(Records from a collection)
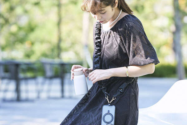 両手が空いて身軽になるので、普段のお出かけはもちろん、お仕事や旅行など、さまざまなシーンで活躍。落下、盗難、紛失防止にもなります。
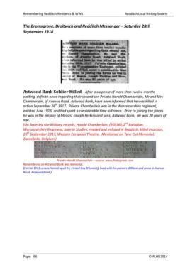 Remembering Redditch Residents & WW1 Redditch Local History Society
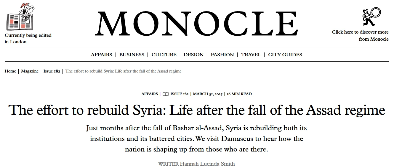 في تقريرها الأخير بعنوان “جهود إعادة إعمار سوريا”، تناولت مجلة Monocle العالمية المتخصصة بالشؤون الدولية، معرض بيلدكس كمنصة رئيسية في مشهد إعادة الإعمار ما بعد النزاع في سوريا. وأشار التقرير إلى كيف أصبح بيلدكس مركزاً حيوياً للشركات الدولية الراغبة في المساهمة في إعادة بناء البنية التحتية والاقتصاد السوري.
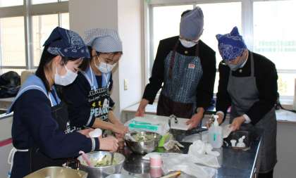 1組は3時間めに実習を行いました。説明を聞いて、よく手を洗い、さあ調理が始まりました。
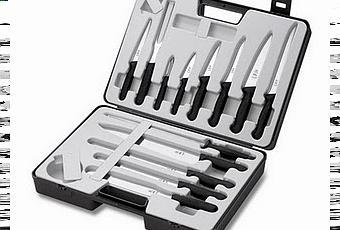 - Chaira redonda de 30cm.- Cuchillo para verduras 10cm.- Cuchillo deshuesador 13cm.- Cuchillo para charcutería 30cm.- Cuchillo embutidos aserrado 25cm.- Cuchillo para pescado 20cm.- Cuchillo para chef 16cm.- Cuchillo para chef 26cm.- Cuchillo utilitario aserrado 13cm.- Cuchillo utilitario 8cm.- Espátula de 24 cm.- Tenedor de carne de 15cm.- Pelapapas de doble filo 8cm.

What you will do »
Return the preceding entries exactly, each word as given, but leave out any picture.

Exercise response »
 両手が空いて身軽になるので、普段のお出かけはもちろん、お仕事や旅行など、さまざまなシーンで活躍。落下、盗難、紛失防止にもなります。
 Remembering Redditch Residents & WW1 Redditch Local History Society
 في تقريرها الأخير بعنوان “جهود إعادة إعمار سوريا”، تناولت مجلة Monocle العالمية المتخصصة بالشؤون الدولية، معرض بيلدكس كمنصة رئيسية في مشهد إعادة الإعمار ما بعد النزاع في سوريا. وأشار التقرير إلى كيف أصبح بيلدكس مركزاً حيوياً للشركات الدولية الراغبة في المساهمة في إعادة بناء البنية التحتية والاقتصاد السوري.
 1組は3時間めに実習を行いました。説明を聞いて、よく手を洗い、さあ調理が始まりました。
 - Chaira redonda de 30cm.- Cuchillo para verduras 10cm.- Cuchillo deshuesador 13cm.- Cuchillo para charcutería 30cm.- Cuchillo embutidos aserrado 25cm.- Cuchillo para pescado 20cm.- Cuchillo para chef 16cm.- Cuchillo para chef 26cm.- Cuchillo utilitario aserrado 13cm.- Cuchillo utilitario 8cm.- Espátula de 24 cm.- Tenedor de carne de 15cm.- Pelapapas de doble filo 8cm.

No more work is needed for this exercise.